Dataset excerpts
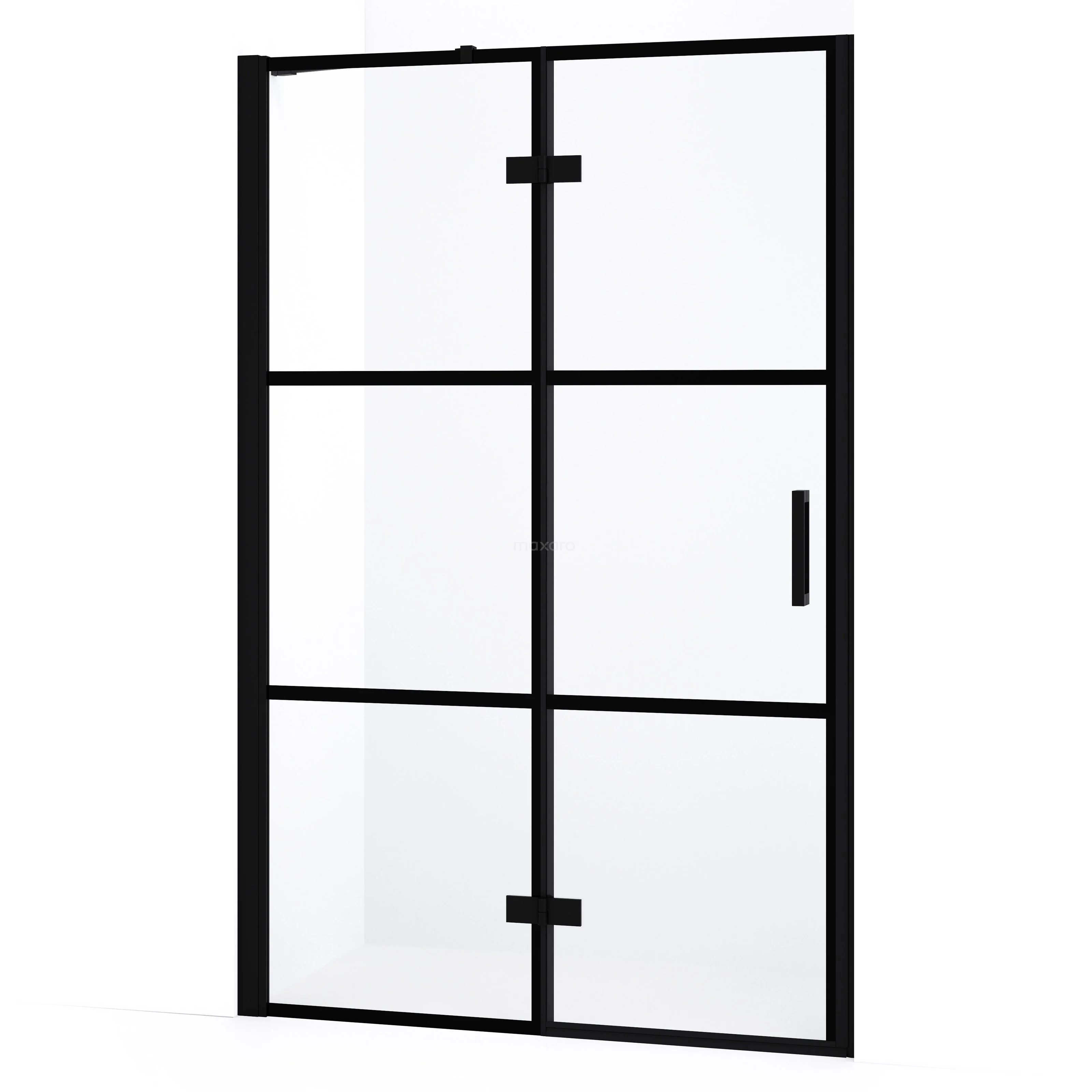 Diamond Duschtür | 110 cm Matt Schwarz Klar mit 4 schwarzen Streifen Drehtür
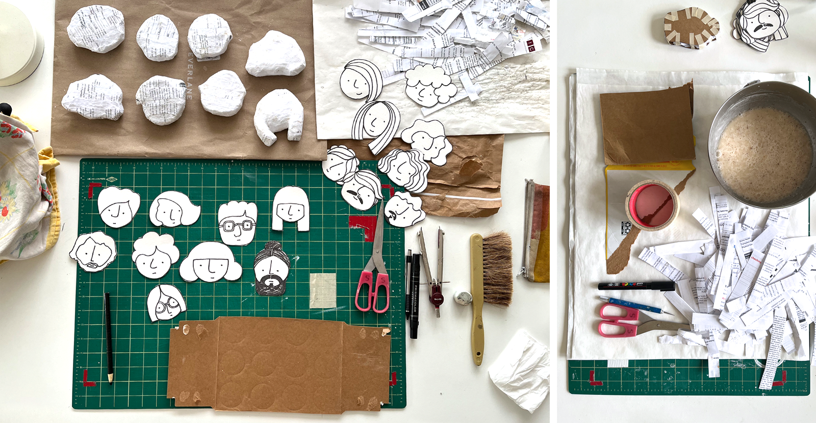 I make paper mâché pieces to reuse paper from everyday mail and to safely get rid of private documents. I get a lot of inspiration from trash and the process of upcycling.
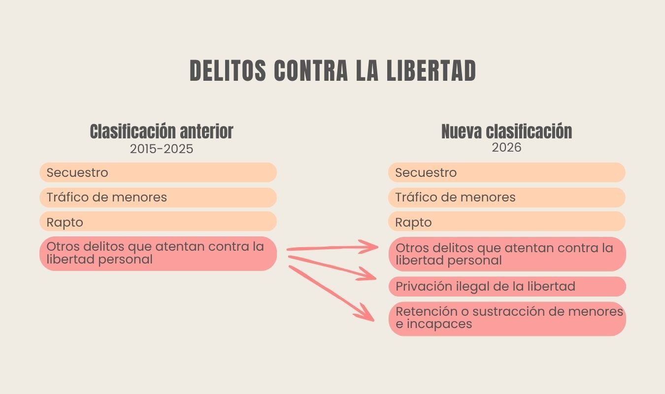 Por lo tanto, además de que ahora las tentativas son sumadas a conductas consumadas, la permanencia de otras clasificaciones mantiene un margen amplio para la discrecionalidad. La siguiente ilustración muestra la diferencia entre los criterios de desagregación de los delitos contra la libertad antes y después de 2026.
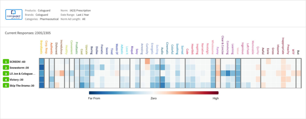 • Emotional profiling reveals how effective “Screen!” was at sparking Curiosity vs other Cologuard ads, all of which employed some level of humor (landing as lightly Inappropriate to some viewers):
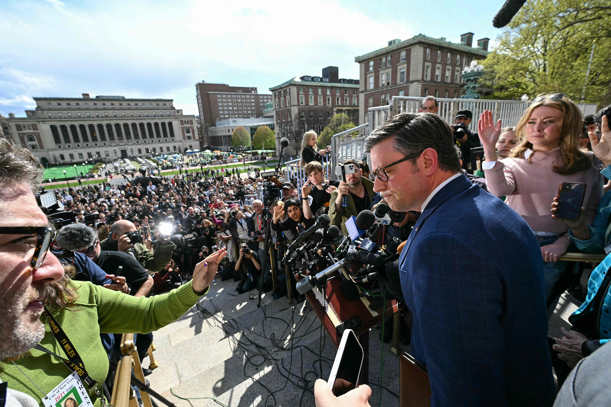 當地時間4月24日,美國眾議院議長邁克·約翰遜在哥倫比亞大學召開記者會 圖源:視覺中國
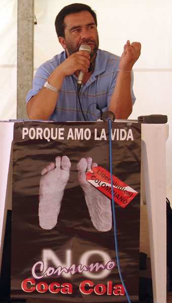 Ici à la tribune lors du Forum social tenu au Brésil: «Parce que j'aime la vie, je ne bois pas de Coca-Cola»
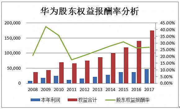 华为是一家非上市公司,缺少公开募集股本的资料,我们也难以追溯华为股东的原始投入。仅仅根据过去10年的财报而言,累计实现税后净利润2483.95亿,加权平均股东权益报酬率27.22%。2017年度,公司实现税后净利润474.55亿元,股东权益合计期末余额1,756.16亿元,股东权益报酬率27.02%,接近过去10年的平均水平。
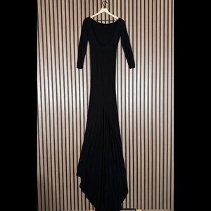 Sew Trendy Maternity Gown XS Womens Black Maxi Chiffon Knit Long Sleeve
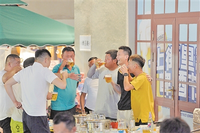 ■市民游客在上街里啤酒节上开怀畅饮。于 滈 摄
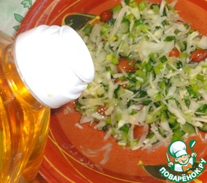 • Заправить салат подсолнечным маслом, посолить и поперчить по вкусу.
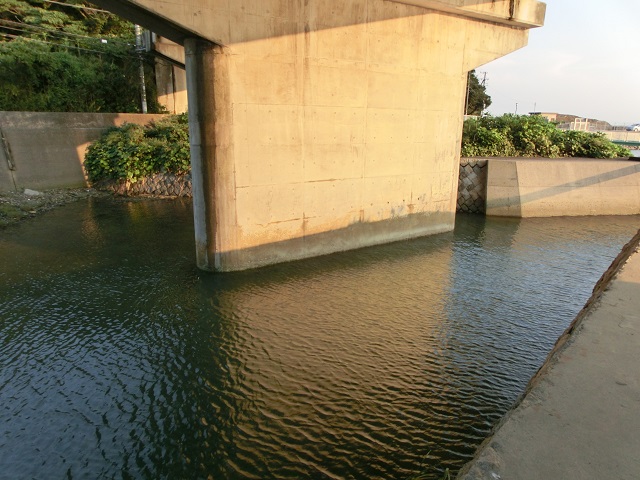 場所は、この様な用水路の河口で、満潮に近づくにつれ海水が入って来て、干潮時には川底が露出してしまう様な場所です。
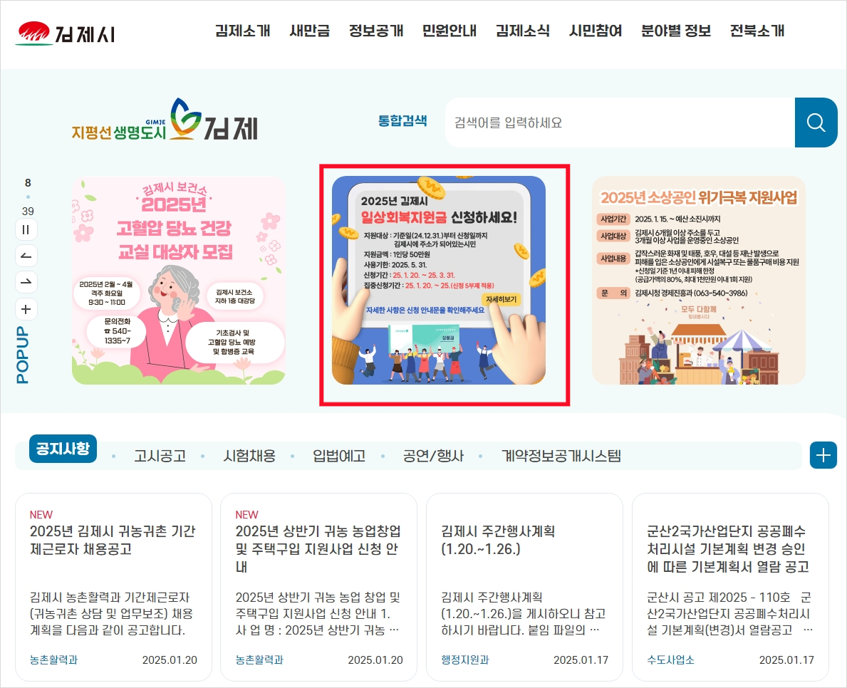 김제시, 2025년 설 연휴 전에 시민 1인당 50만 원 일상회복지원금 지급 계획 발표
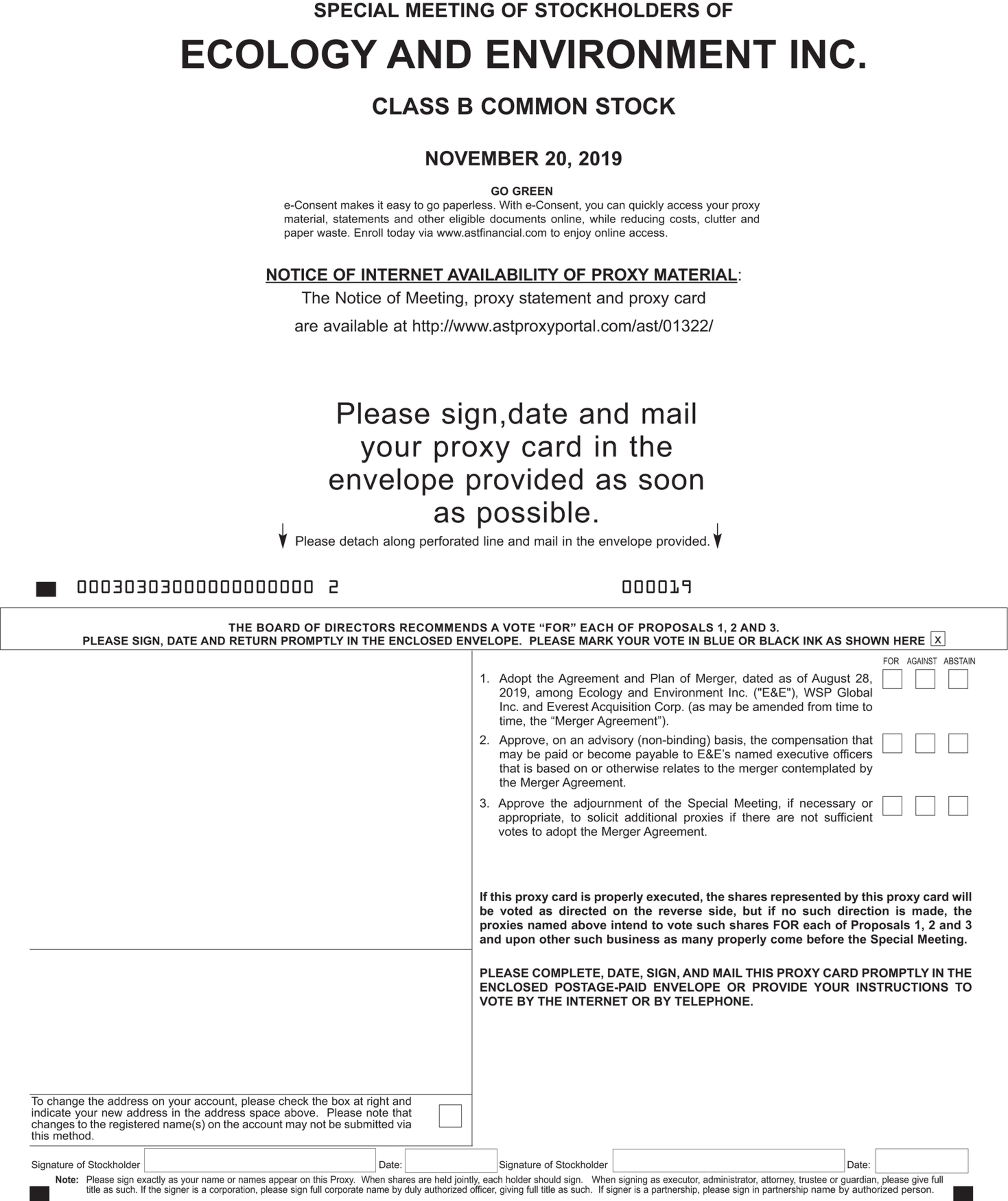 SPECIAL MEETING OF SHAREHOLDERS OF ECOLOGY AND ENVIRONMENT INC. CLASS B COMMON STOCK [●], 2019 NOTICE OF INTERNET AVAILABILITY OF PROXY MATERIAL: The Notice of Meeting, proxy statement and proxy card are available at http://www.astproxyportal.com/ast/01322/ Please sign,date and mail your proxy card in the envelope provided as soon as possible. Signature of Stockholder Date: Signature of Stockholder Date: Note: Please sign exactly as your name or names appear on this Proxy. When shares are held jointly, each holder should sign. When signing as executor, administrator, attorney, trustee or guardian, please give full title as such. If the signer is a corporation, please sign full corporate name by duly authorized officer, giving full title as such. If signer is a partnership, please sign in partnership name by authorized person. To change the address on your account, please check the box at right and indicate your new address in the address space above. Please note that changes to the registered name(s) on the account may not be submitted via this method. THE BOARD OF DIRECTORS RECOMMENDS A VOTE “FOR” EACH OF PROPOSALS 1, 2 AND 3. PLEASE SIGN, DATE AND RETURN PROMPTLY IN THE ENCLOSED ENVELOPE. PLEASE MARK YOUR VOTE IN BLUE OR BLACK INK AS SHOWN HERE x Please detach along perforated line and mail in the ------------------ e n v e l o p e p r o v i d e d . ---------------- 00030303000000000000 2 000019 GO GREEN e-Consent makes it easy to go paperless. With e-Consent, you can quickly access your proxy material, statements and other eligible documents online, while reducing costs, clutter and paper waste. Enroll today via www.astfinancial.com to enjoy online access. 1. Adopt the Agreement and Plan of Merger, dated as of August 28, 2019, among Ecology and Environment Inc. ("E&E"), WSP Global Inc. and Everest Acquisition Corp. (as may be amended from time to time, the “Merger Agreement”). 2. Approve, on an advisory (non-binding) basis, the compensation that may be paid or become payable to E&E’s named executive officers that is based on or otherwise relates to the merger contemplated by the Merger Agreement. 3. Approve the adjournment of the Special Meeting, if necessary or appropriate, to solicit additional proxies if there are not sufficient votes to adopt the Merger Agreement. If this proxy card is properly executed, the shares represented by this proxy card will be voted as directed on the reverse side, but if no such direction is made, the proxies named above intend to vote such shares FOR each of Proposals 1, 2 and 3 and upon other such business as many properly come before the Special Meeting. PLEASE COMPLETE, DATE, SIGN, AND MAIL THIS PROXY CARD PROMPTLY IN THE ENCLOSED POSTAGE-PAID ENVELOPE OR PROVIDE YOUR INSTRUCTIONS TO VOTE BY THE INTERNET OR BY TELEPHONE. FOR AGAINST ABSTAIN

TASK STATEMENT:
Give the lines again exactly, starting where the entries begin and stopping once the line with "I make paper" is included; pictures are not copied.

ANSWER TO THE PROBLEM:
 Diamond Duschtür | 110 cm Matt Schwarz Klar mit 4 schwarzen Streifen Drehtür
 I make paper mâché pieces to reuse paper from everyday mail and to safely get rid of private documents. I get a lot of inspiration from trash and the process of upcycling.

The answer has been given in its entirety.